Affluent Connecticut Town Avoids Affordable Housing Fight

An exclusive Connecticut community that has been at the center of a controversy over the proposed development of a multifamily housing complex has averted further tumult thanks to the intervention of third-party developer.
As reported by National Mortgage Professional on Feb. 20, the town of Wesport, Conn., became divided over the past few weeks following a proposal to build a five-story, 200-unit housing complex on the site of the Westport Inn, a two-story hotel that has been a fixture of the town for years. Thirty percent of the units in the new complex were to be set aside for affordable housing. The project’s developer, 1595 Post Equities LLC, sought to circumvent the local zoning commission with a filing under Connecticut’s 8-30g statute, which allows a developer to exceed local zoning regulations if a municipality’s affordable housing inventory was less than 10 percent of all housing units—the developer noted that Wesport’s affordable housing level is only 2.75 percent.

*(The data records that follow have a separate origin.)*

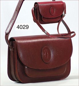 CARTIER Must de Cartier, Damentasche, ca. 1970, langer Schulter-Leder-Trageriemen, größenverstellbar, silberne Beschläge, bordeaux-rotes weiches Leder, Magnetknopf-Verschluss, innen Emblem Must de Cartier Paris, silber, 3 große Füll-Fächer, 2 Seiten-Taschen, 1 x mit Reisverschluss, 25 cm breit, 18 cm hoch, im Orig.-Aufbewahrungssäckchen, unberührter Zust.
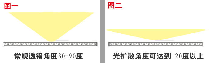 我們用兩張圖讓大家看個明白,LED線條燈為什么要選用光擴散透鏡。如上圖,圖一比喻成我們常規(guī)的LED線條燈透鏡的發(fā)光模式,圖二比喻成我們加蓋了光擴散透鏡的發(fā)光模式,從兩張圖片的對比當中我們能清楚的知道,光擴散的作用是把光束往左右兩邊伸展以達到無暗區(qū)的亮化效果。
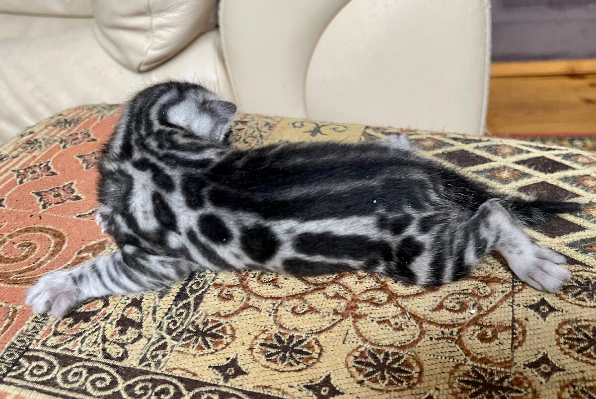 Обыватель знает золотых бенгалов. В розеточку. А что в тренде? Элита - для элиты. Это серебро! Черное по белому - высший шик! Этот окрас формируется долго и обыватель его не понимает. Ну а потом кричит - хочу такое!!! А такое оно не сразу, как и снежные. Фазинг в серебре пострашнее, чем в золоте. Вот эту неяркую кисю я купила за 150 т.р. Как супер-перспективного производителя. Из Хабаровска. Тип, шерсть, чистота фона. И добавить к типу контраст и выбеленность - сможем! А прокрасится - в красотку! Яркость, контраст, фон, выбеленность - много нюансов… играем в паззлики!
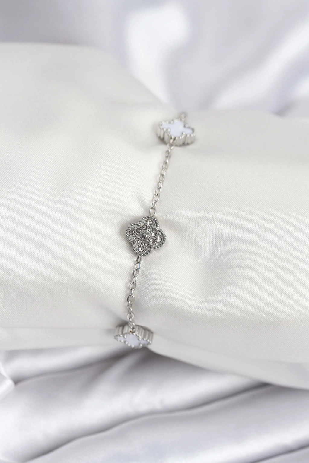 Erb 316L Çelik Gümüş Renk Beyaz Ve Zirkon Taşlı Baby Boy Yonca Kadın Bileklik
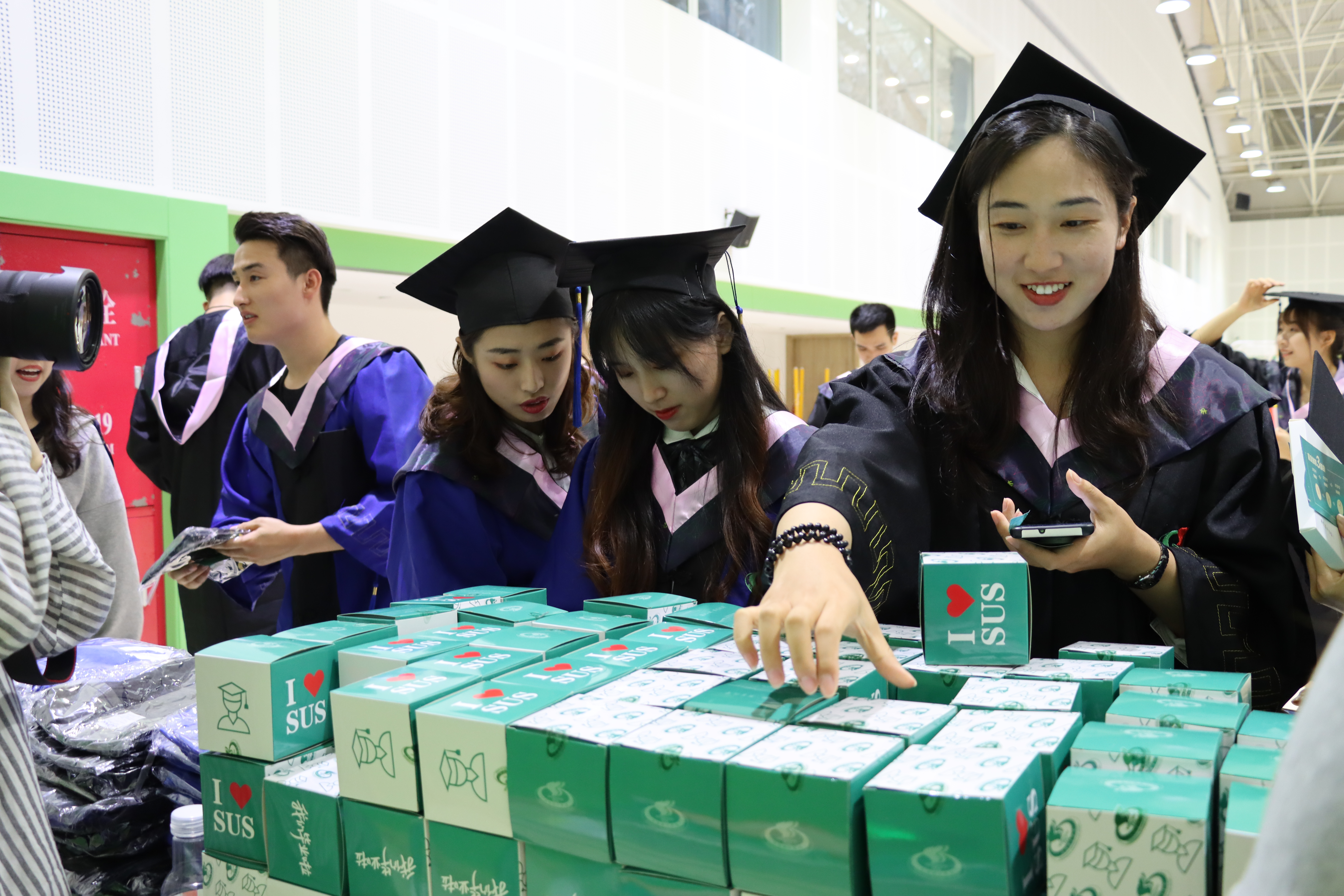 为鼓励毕业生们在校内各个美好的角落留下足迹,学校早在两个月前就开始筹备毕业嘉年华活动,并为毕业生提供了签名墙、祝福墙、彩绘墙等主题拍照道具,特别定制了“上体盲盒”,设计投放了上体猫咪钥匙扣、手绘卡套、绿瓦钥匙扣等多种多样的校园文创礼品,通过拍照互动、集章打卡等形式发放,尽显毕业生的上体情怀。通过这样的打卡游戏与毕业礼物,糅合了家国情怀与绿瓦情怀,用别开生面的活动为学生留下毕业前的最后一份美好回忆。

The proposal brought a heated response from many Wesport residents, and an online petition added to the controversy. But the matter has been resolved by the intervention of Building and Land Technology (BLT), a real estate investment and development firm that purchased the Westport Inn for $14.5 million. BLT plans to maintain the property as a hotel, and the decision was greeted by the town’s officials.
“It’s gratifying to achieve a result that forestalls previous plans to develop multifamily housing on the hotel site, which was not the appropriate use here,” said First Selectman Jim Marpe.
In 2011, Forbes Magazine ranked Westport as the nation’s 10th most affluent neighborhood, with a median household income of $147,391.